Blending Fun with Ninja!

As an attendee at the IFBC held in Seattle this year, I had the opportunity to test out the newest Ninja Blender DUO with Auto-iQ which I couldn’t pass up.

The Ninja Blender Auto-iQ is a great piece of powerful kitchen equipment to have and gets the job done.  It was a bit intimidating at first but quite easy to use.  I must admit it is loud but you get past it when you see the end results.  Just make your selection and it does the work for you in seconds.  I’ve used the Puree, Frozen Drinks Smoothies and Ultra Blend functions which all resulted in perfection for me.  I definitely plan on using this more often for other recipes.

Blending Selections:

  • Frozen Drinks Smoothies
  • Puree
  • Blend
  • Ultra Blend
  • Low, Medium, High and Pulse

ninja blender

Smoothie
Ingredients:

  • Frozen Blueberries
  • Pears
  • Bananas
  • Spinach
  • Kale
  • Coconut Water

I’ve been wanting to recreate this dish I grew up eating back home on Guam called Kadun Katne in translation means Beef Soup.  Comfort food at it’s best and was always a treat for me.  This traditional yet simple recipe calls for oxtail (or whatever meat you prefer), onions, garlic, coconut milk and taro which was cooked in a pot till tender and served with white rice.

Taro

Kadun Katne (Beef Soup)
Ingredients used:

  • Thick Cut Beef Short Ribs
  • Onions
  • Garlic
  • Taro
  • Coconut Milk
  • Leeks
  • Parsnips
  • Water
  • Salt & Black Pepper

*I will have the actual recipe posted soon 🙂

In preparing this dish I added oil to a large pot and sautéed onions then the short ribs (seasoned with salt & pepper) to give it a nice sear on the outside, once that was done searing I added 4 cups of water (you can use a beef broth) and allowed the meat to cook for about an hour and 1/2 on medium heat or till tender.  Added the cut taro and coconut milk while this was cooking all together I prepared the other veggies for roasting.
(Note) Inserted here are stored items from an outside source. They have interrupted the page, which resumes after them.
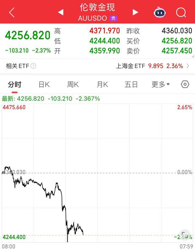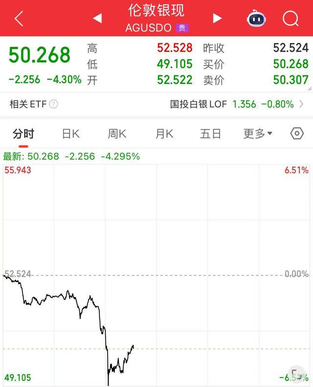 10月21日,国际贵金属价格跳水,现货黄金失守4300美元关口,日内跌超2%。现货白银跌破50美元/盎司,为10月10日以来首次,日内跌超5%。现货白银曾于10月17日创下54.49美元/盎司的历史最高价。截至发稿,伦敦金现报4256.82美元/盎司;伦敦银现报50.268美元/盎司。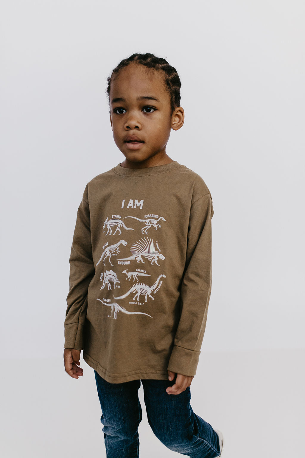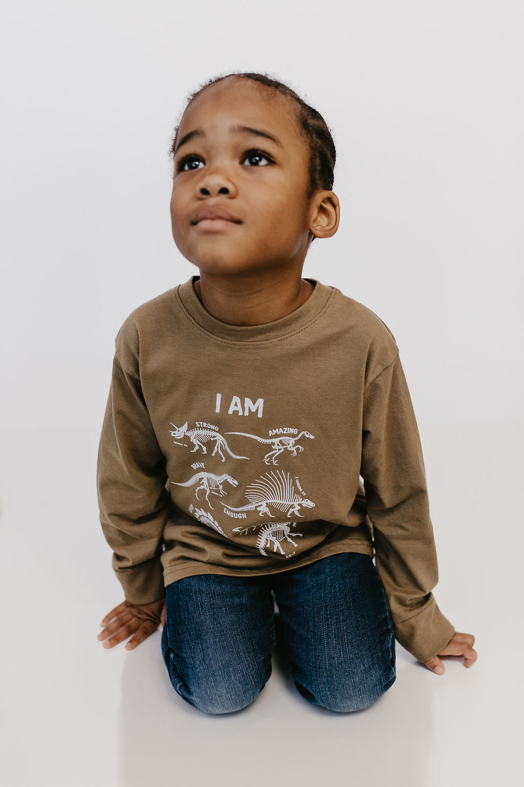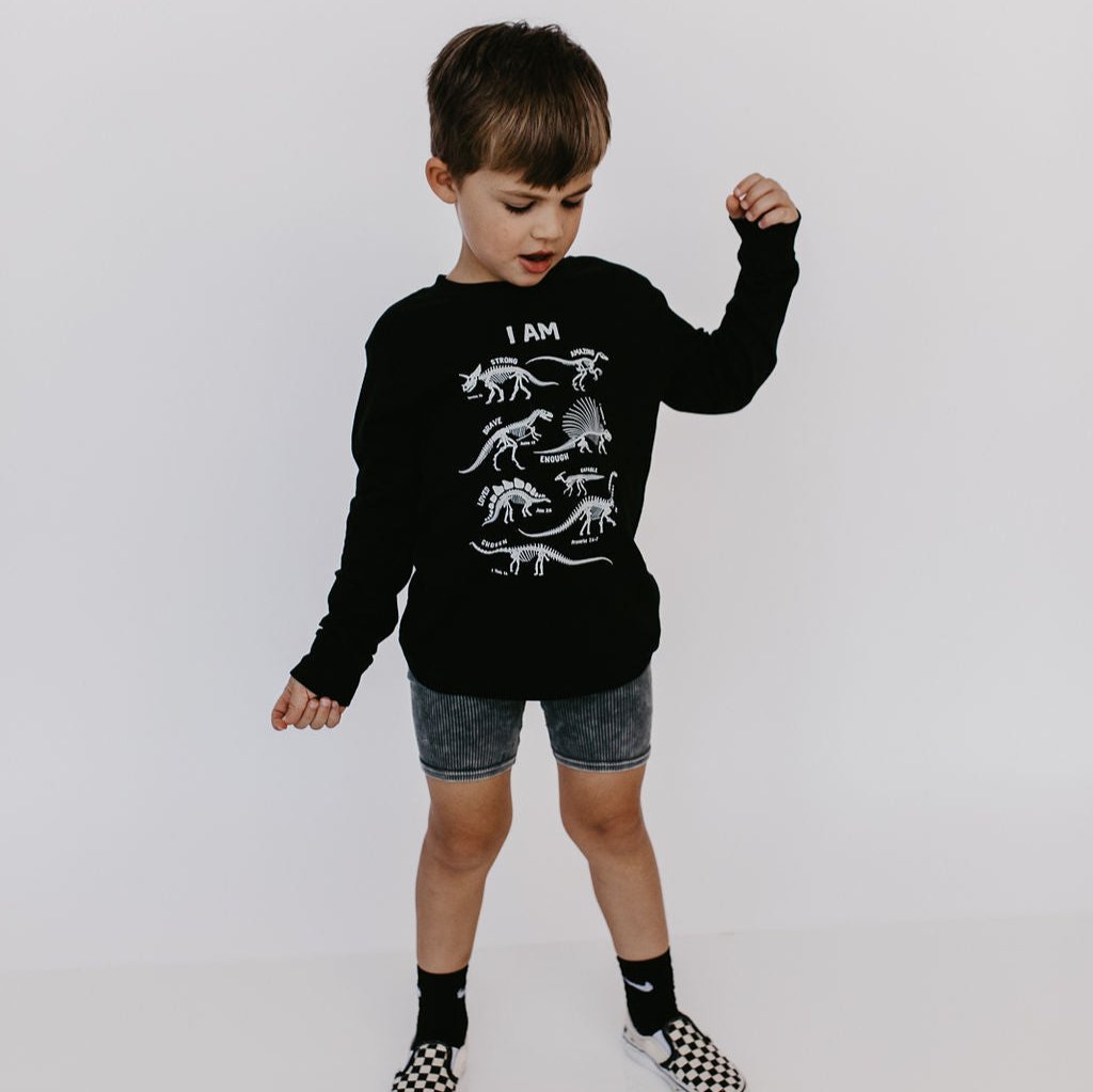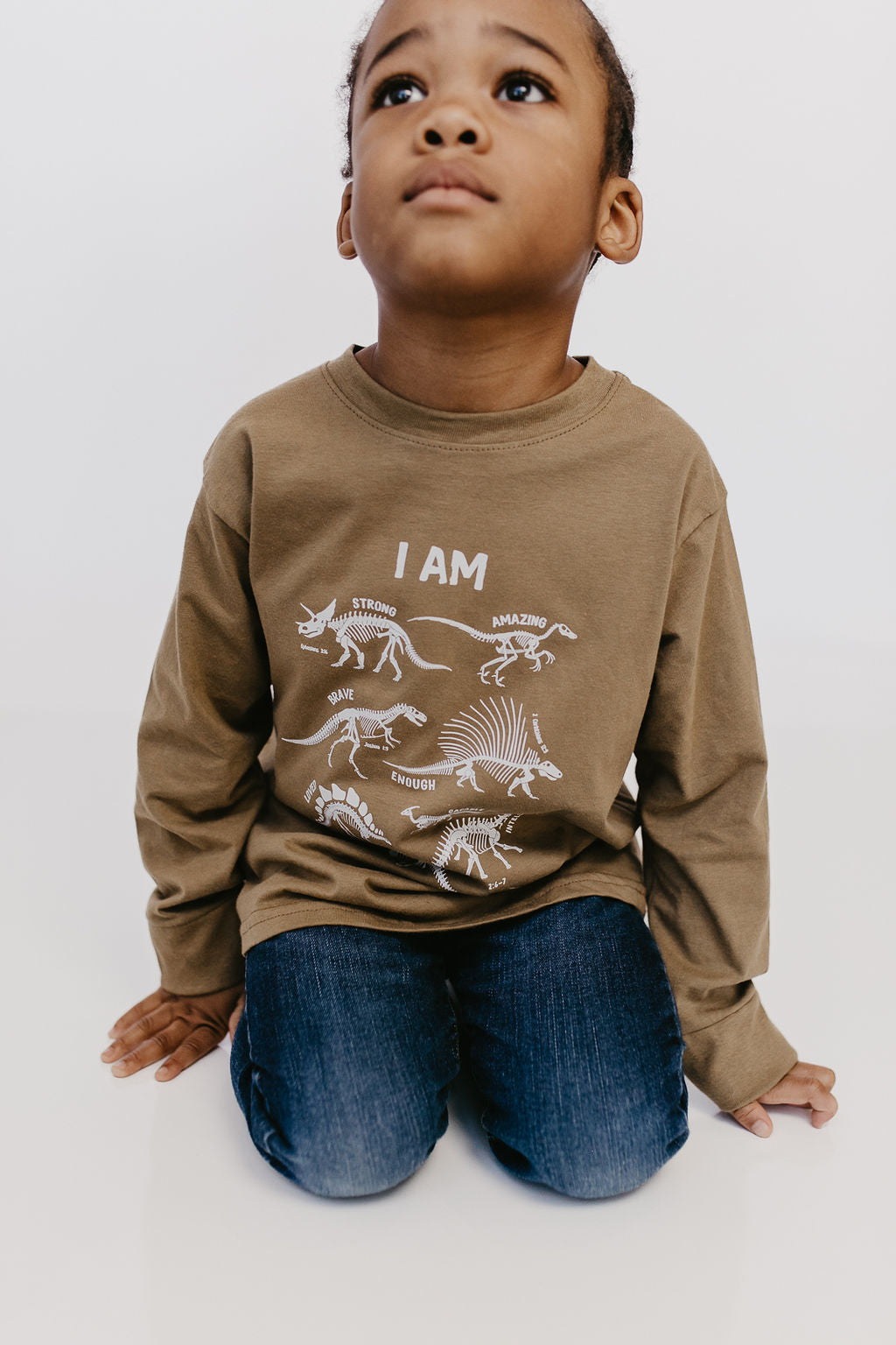 Dino Skeleton Affirmation Words Toddler T-Shirt – Long Sleeve Now Available!
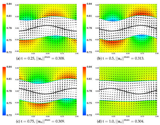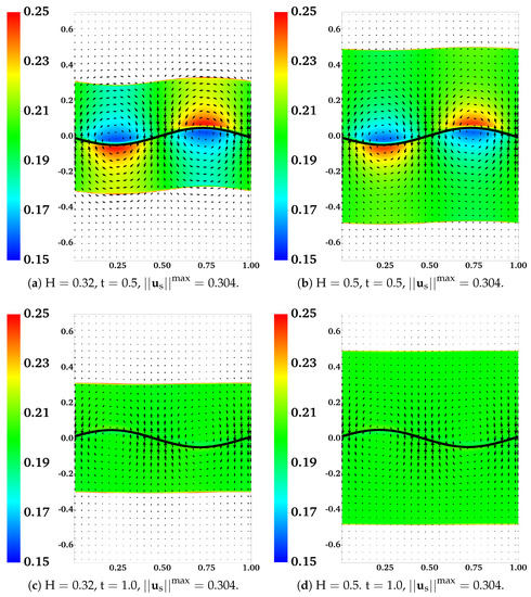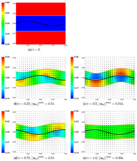 In Figure 10, the distributions of and are plotted at different time for the simulation in which , , and is set to at the initial time. To give a better contrast, white color is used to fill regions with , where is the largest value of observed near the sheet during the simulation. In Figure 10b–e, the boundaries of the colored region (contour lines of ) are referred to as the “fluid interfaces”. As time progresses, spatial inhomogeneities in and deformations of fluid interfaces appear with the waving motion of the sheet. Compared with the plots at and , there are more significant inhomogeneities in the spatial distribution of at the half wave period . Interestingly, it is also at that the fluid interfaces and the swimmer have approximately the same phase. At one wave period , the distribution of network volume fraction roughly returns to its initial value of over the entire inner layer. At , although the fluid interfaces do not fully return to their horizontal positions, their vertical deformations are the smallest within the wave period. Relative to the results at earlier time, the network velocity tends to have smaller -components at . The distributions of over the outer layers of fluid and the solvent velocity are plotted in Figure 11. Here white color is used to fill the region where , with being approximately the smallest value of in the outer layer. The fluid interfaces and in the plot exhibit similar periodic patterns in time as observed in Figure 10. Notice that due to the numerical smearing, there is a small vertical displacement (about 2 grid blocks) between the fluid interfaces visualized in Figure 10 and Figure 11. At one wave period , -components of the solvent velocity have smaller magnitude than those at earlier time. Due to its low viscosity, the solvent has greater motion than the network in the vicinity of the swimmer.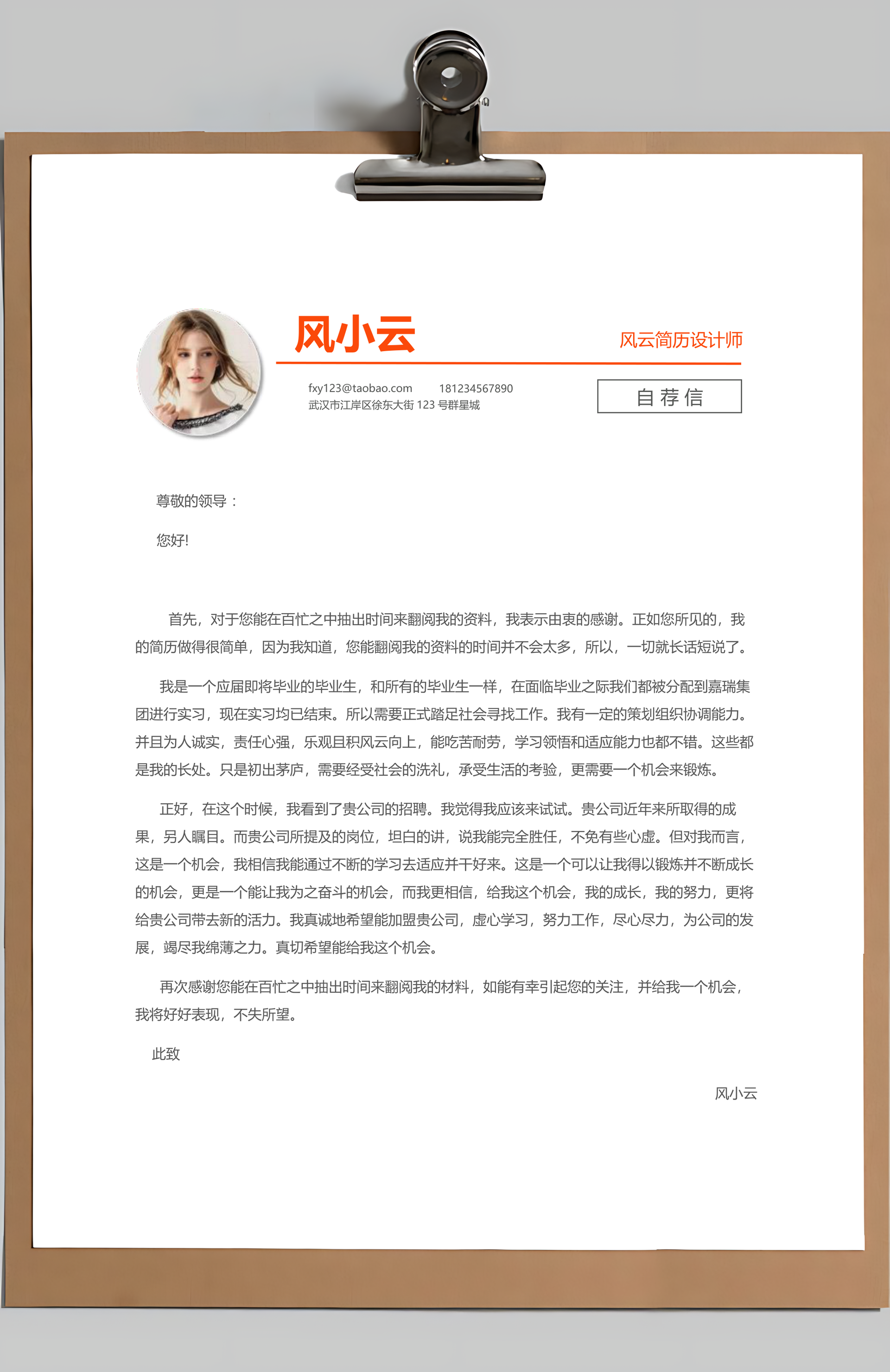 风云办公提供个性简历橘色系创意极简风格简历模板和自荐信Word模板下载,格式为 docx,一共1页,作品中文字及图均可以修改和编辑,图片更改请在作品中右键图片并更换,文字修改请直接点击文字进行修改。更多精彩其它简历Word模板,尽在风云办公。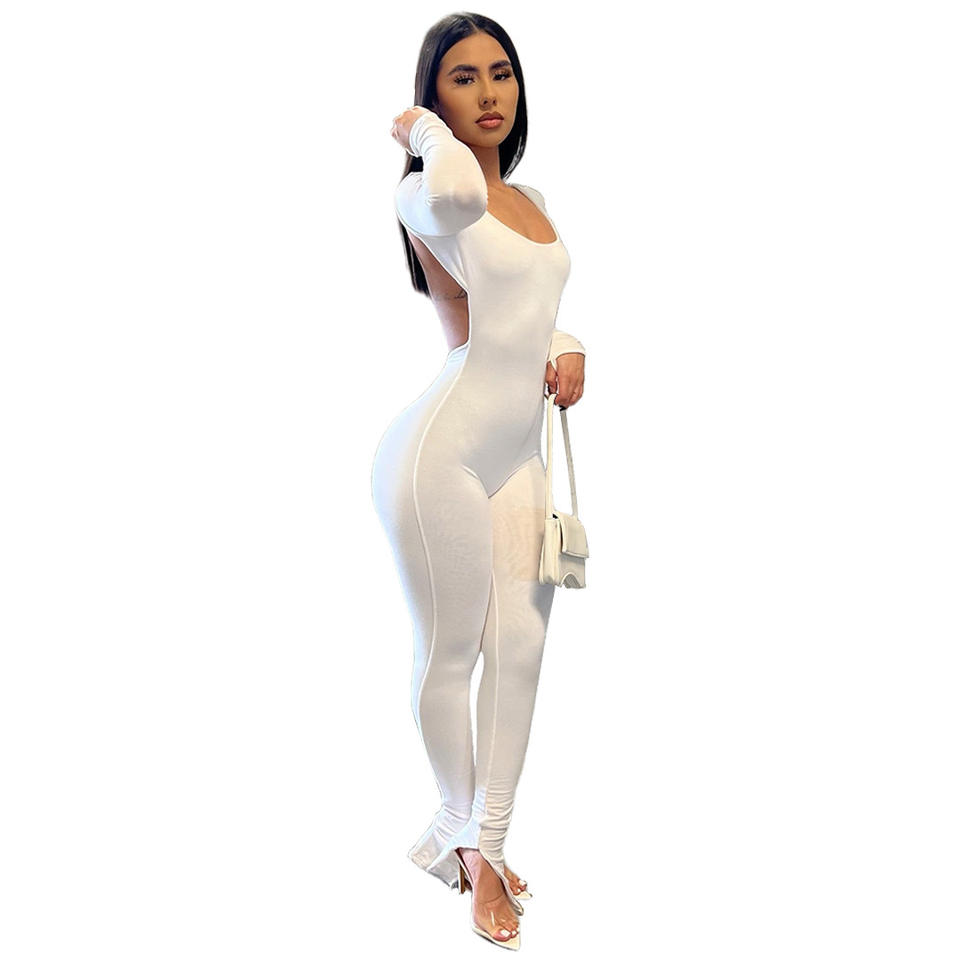 Tute intere da donna a gamba larga, personalizzabili con logo, tute casual da donna con schiena scoperta per allenamento

Cut up the parsnips, leeks, onions and garlic then lightly seasoned with salt & black pepper and olive oil.  Placed on a cookie sheet and baked at 400 degrees for 15 minutes or till tender.

Roasted Veggies

When all was done I added the cooked taro, broth and roasted veggies to the Ninja Blender selecting the Puree function then let it do it’s job.  I did however add more broth and some milk to loosen the soup a bit because the texture with the cooked taro can be quite thick.


So what you see is the finished product…

Taro Soup topped w/ pieces of shredded beef, crispy garlic, taro chips and a drizzle of garlic infused oil


This was quite the labor of love and I’m so glad I finally followed through with recreating this dish.  It turned out great and was delicious!

A BIG THANK YOU to the lovely people at Ninja Kitchen for the opportunity!